Tag Archives: click farms

Let’s dance

That is the setting. Several papers gave it, but I am going to stick to the Guardian for a specific reason. The article (at https://www.theguardian.com/technology/2022/jul/08/elon-musk-twitter-deal-legal-consequences) gives us ‘Musk’s withdrawal from Twitter deal sets stage for long court battle’ to be honest, I am not convinced. In my mind Elon Musk needs to win and he SHOULD win. The premise is seen with ““For nearly two months, Mr Musk has sought the data and information necessary to ‘make an independent assessment of the prevalence of fake or spam accounts on Twitter’s platform’,” Musk’s team stated in the letter. “Twitter has failed or refused to provide this information.” The data in question centers on the number of spam accounts on the app, which Twitter has claimed make up about 5% of more than 200m users but Musk believes is higher.” There is the setting. You see, I personally believed it was close to 20%, a friend of mine has data showing it to be well over 40%, he stated close to 50%. This is not speculation. HE HAS DATA! That should be seen as evidence. The trolls in the EU, Russia and China, the click farms progressing the needs of wannabe’s, politicians and fake information spreaders from the Trump elections, the Covid misinformation settings, the Ukraine war. These are not done by one or two farms, this is done by thousands of players all wanting to grab a piece of the revenue pie. Twitter states that it is a mere 10 million people. I disagree, the elements I mentioned makes it well over triple of what Twitter claims. As such they are intentionally setting a fraudulent price to a product that is overpriced and the media knew this, they have had the largest part of that evidence under their own fingers. FoxNews gives us “NBC News Senior Reporter Brian Collins discovered Vladimir Bondarenko and posted about him that, “He’s a blogger from Kiev who really hates the Ukrainian government. He also doesn’t exist, according to Facebook. He’s an invention of a Russian troll farm targeting Ukraine. His face was made by AI.”” Do you really think that such a ploy is used for one account? Russian troll farms have been all over this and they have been over a few other things too. That friend of mine has data going back years. 
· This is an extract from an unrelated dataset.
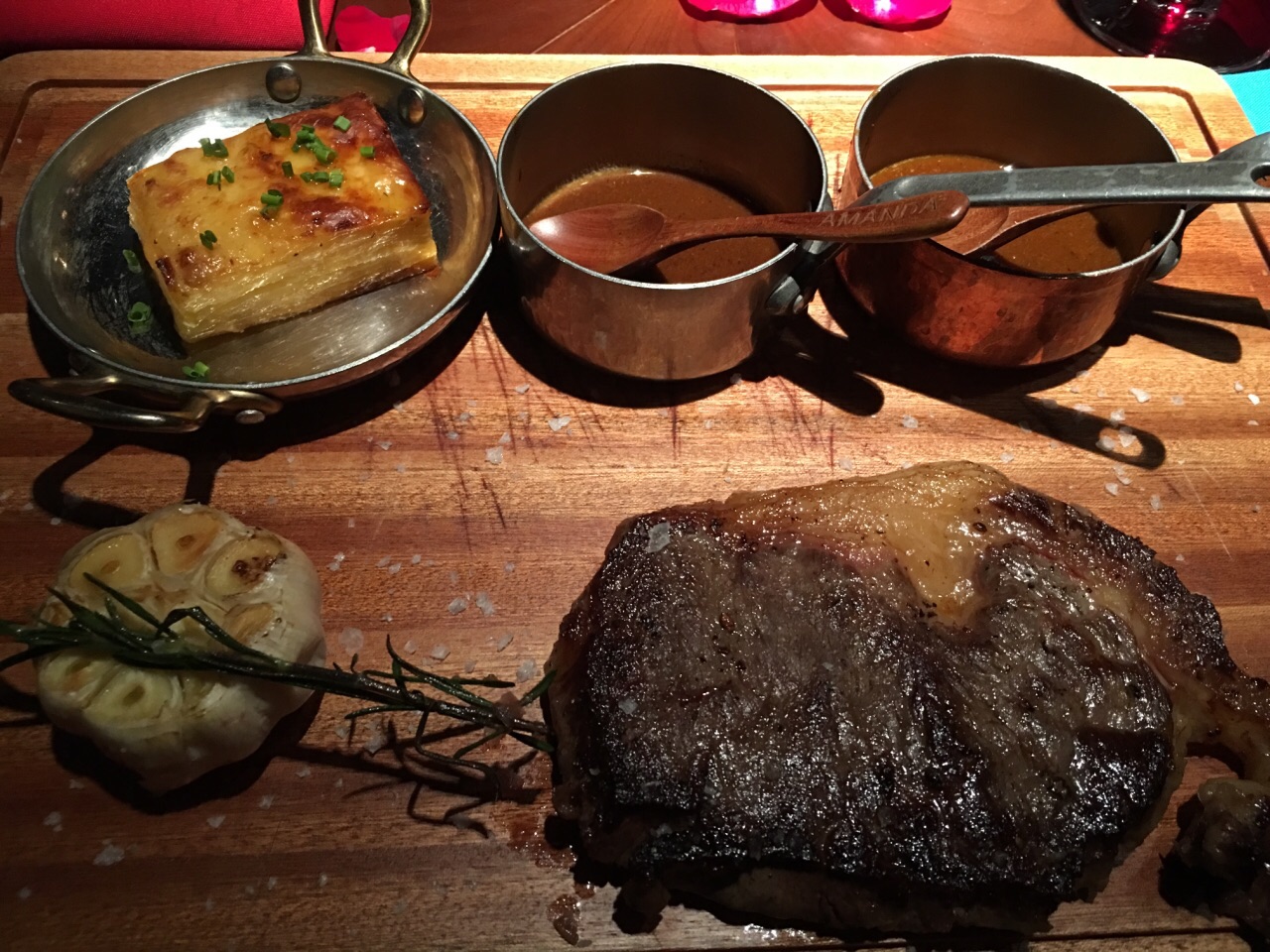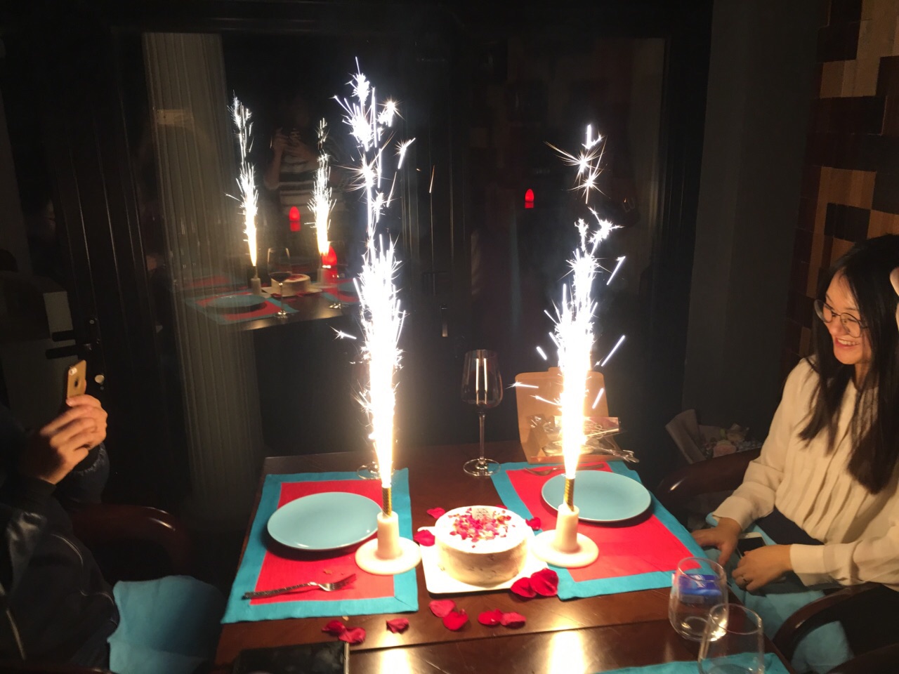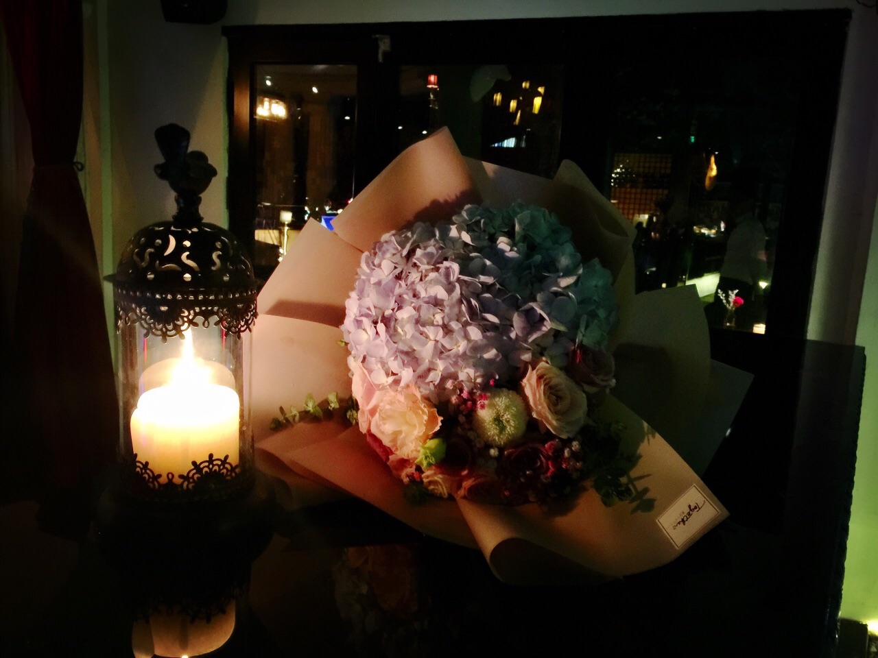 环境位子不错,在我喜欢的路上,一个小雨的夜晚为庆祝好友新婚,小伙伴们小范围聚会的地方。打电话过去提前说明了来意,于是在桌上布置了玫瑰花瓣,也为我们的蛋糕插上了冷烟花。7分熟的牛排不错,尤其配的千层土豆全场最佳。鹅肝还不错一点点腻,龙虾饭没有得到的好评,虾不够入味,饭黄油过多有点腻。。

And it gets to be worse. You see there are trolls and click farms and the media has done very little to dig into the amount of either version, they have gone out of their way to avoid clear investigation. Even as some research it and some of it remains debatable. One source gives us ‘19.42% of active Twitter accounts are fake or spam: Analysis’ My issue here is that I do not know the source, hence I do not trust the source (whether valid or not). Consider the Twitter claim. 5% at the most, that implies that a mere 10 million are fake. Now consider the elements I mentioned earlier, there is no way that this matches up. Now consider that Twitter deletes a million fake accounts a day and this has been going on for a while. Now consider that we can not find any clear information on how many NEW Twitter accounts were created in 2021 and 2020 (or 2019 and 2018). That is important information, especially if well over 60,000,000 accounts were deleted in 2022. I believe that this shift is large enough for Elon Musk to start the case, when he gets the data from places like Trollrensics he might have enough to bust the Twitter deal. The setting is and always was that Twitter claims that at most 5% of the accounts are fake, I believe it too be a lot higher. I never speculated the numbers that Trollrensics have, but it is my speculation versus THEIR data, as such they win.

I believe that it will prove the case for Elon Musk.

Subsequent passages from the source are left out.